Vectorized operation on quantized tensors returns wrong values (different rounding) #107030

Flamefire · 2023-08-11T12:09:30Z

🐛 Describe the bug

The following code fails:

import numpy as np
import torch

X = torch.from_numpy(np.full(64+1, 514., dtype=np.float32))
(scale, zero_point, torch_type) = (1028.02, 255, torch.quint8)

assert X.is_contiguous(memory_format=torch.contiguous_format)
qX = torch.quantize_per_tensor(X, scale=scale, zero_point=zero_point,
                               dtype=torch_type)

f_min, f_max = 0.0, 1.0
q_min, q_max = torch.iinfo(torch_type).min, torch.iinfo(torch_type).max
output_scale = (f_max - f_min) / (q_max - q_min + 1.0)

qY = torch.ops.quantized.sigmoid(qX, output_scale=output_scale, output_zero_point=0)
print(qY)
assert qY[0] == qY[-1]

In particular the first 64 values are "0.5039" while the remainder are "0.5000". This happens for any remainder not fitting into chunks of 64 values.

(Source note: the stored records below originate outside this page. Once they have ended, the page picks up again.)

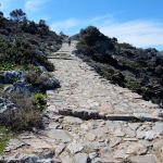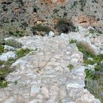 You can keep walking down over a dry creek bed for 10 minutes to the sea. There is supposed to be a delightful small beach and swimming with the ruins of the old harbor monastery, but it looked like a sprained ankle waiting to happen so we didn’t make this trek. If you want to get your 10,000 steps in on a nice hike on a cobble path with 100 switch-backs, this is the place for you. I’ll give it 4 stars.
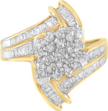 10K Gold 1.0 Cttw Round and Baguette Diamond Bypass Cluster Ring
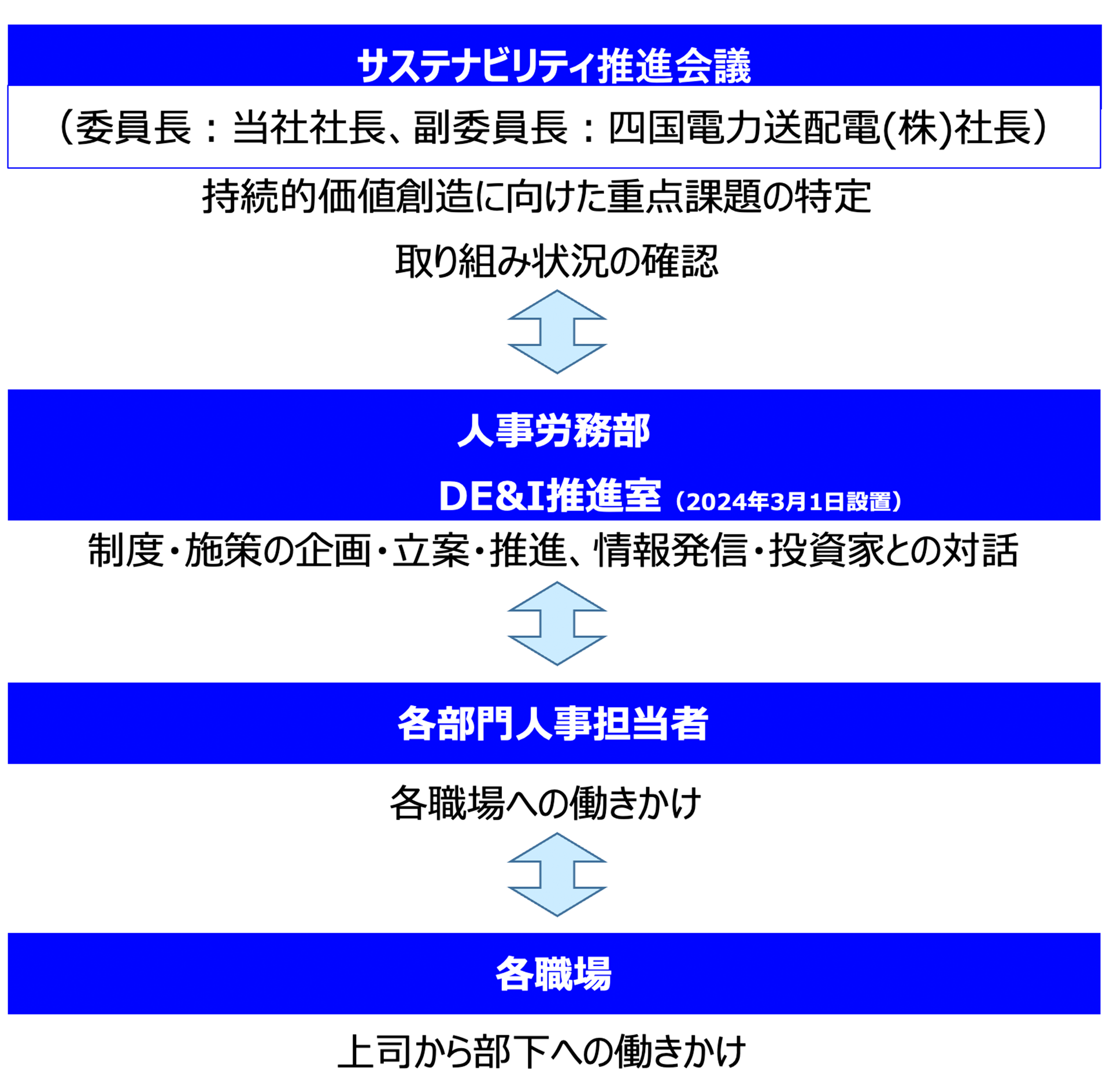 当社社長が委員長を務めるサステナビリティ推進会議において、DE&I推進を持続的価値創造に向けた重点課題として特定し、アクションプランの審議や取り組み状況の確認を行っています。
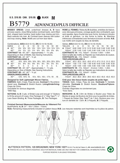 Lined, underlined dress has princess seams, close-fitting bodice (contrast back), semi-fitted skirt, shaped back hemline and back button loop closing/trim. Back extends into train. A: contrast lower sleeves with button/loop closing. Note: motifs are cut from lace fabric.
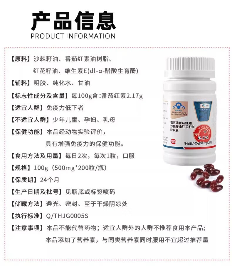 Tunhe COFCO Lycopene Sea Buckthorn Seed Oil Safflower Seed Oil Soft Capsule Male Immunity Enhancement Female Health Care Products Fashunfeng 200 capsules*1 bottle Consult customer service for more benefits
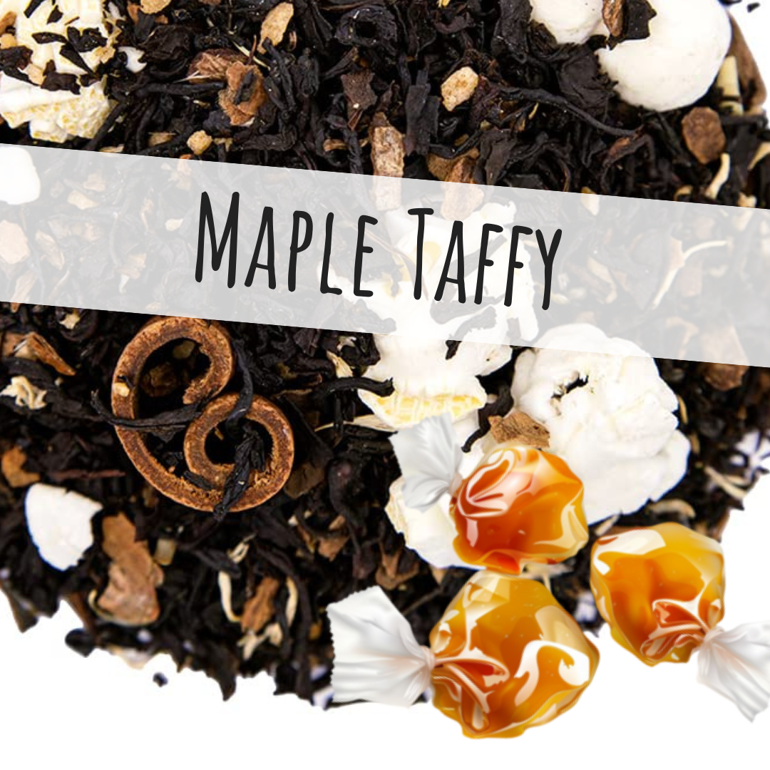 The traditional way of making Canadian maple taffy is to take heated maple syrup and pour it on a layer of snow which rapidly cools the syrup and thickens it. We blend black tea with real dehydrated maple syrup, cinnamon, and popcorn to make Maple Taffy tea a real treat.
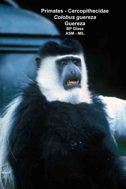 Front view sitting, Colobus guereza gallarum, Djaffe Mountains Guereza. Also as Eastern Black-and-white Colobus|Magistrate Colobus|Mantled Guereza.
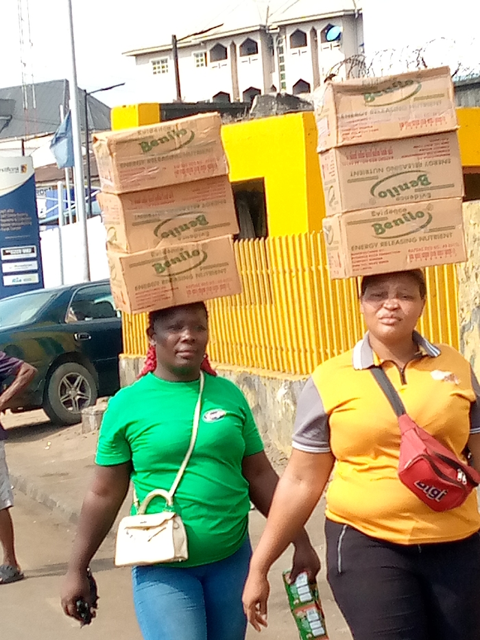 The image depicts an outdoor urban street scene in Aba, Nigeria, under bright daylight. Two adult females are walking side-by-side, each balancing three stacked, rectangular, light-brown cardboard boxes on their heads. The boxes are labeled with "Benilo" and "ENERGY RELEASING NUTRIENT." The woman on the left has a dark complexion, wears a green short-sleeved t-shirt, light blue jeans, and red braided hair. She carries a small, light-colored handbag with a shoulder strap across her body and holds a dark object in her right hand. The woman on the right has a slightly lighter complexion, wears a yellow short-sleeved polo shirt with grey collar and sleeve details, and black pants. She wears a red fanny pack across her chest and holds two small, green-packaged items in her left hand. In the background, a bright yellow slatted barrier or wall is visible, behind which stands a multi-story building with a light-colored facade featuring multiple arched windows. To the far left, a dark green sedan is partially visible, parked on the street next to a curb. A portion of a blue and white commercial sign is also visible on the left, along with a partial view of a third individual's leg and arm wearing sandals and shorts. The immediate ground appears to be paved.
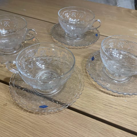 Myydään Nuutajärven lasin kirkkaat Apila-teekupit.

Found by reducing an example of a failing test in test_quantization:

======================================================================
FAIL: test_sigmoid (quantization.core.test_quantized_op.TestQuantizedOps)
----------------------------------------------------------------------
Traceback (most recent call last):
<snip>
AssertionError: Quantized tensor-likes are not close!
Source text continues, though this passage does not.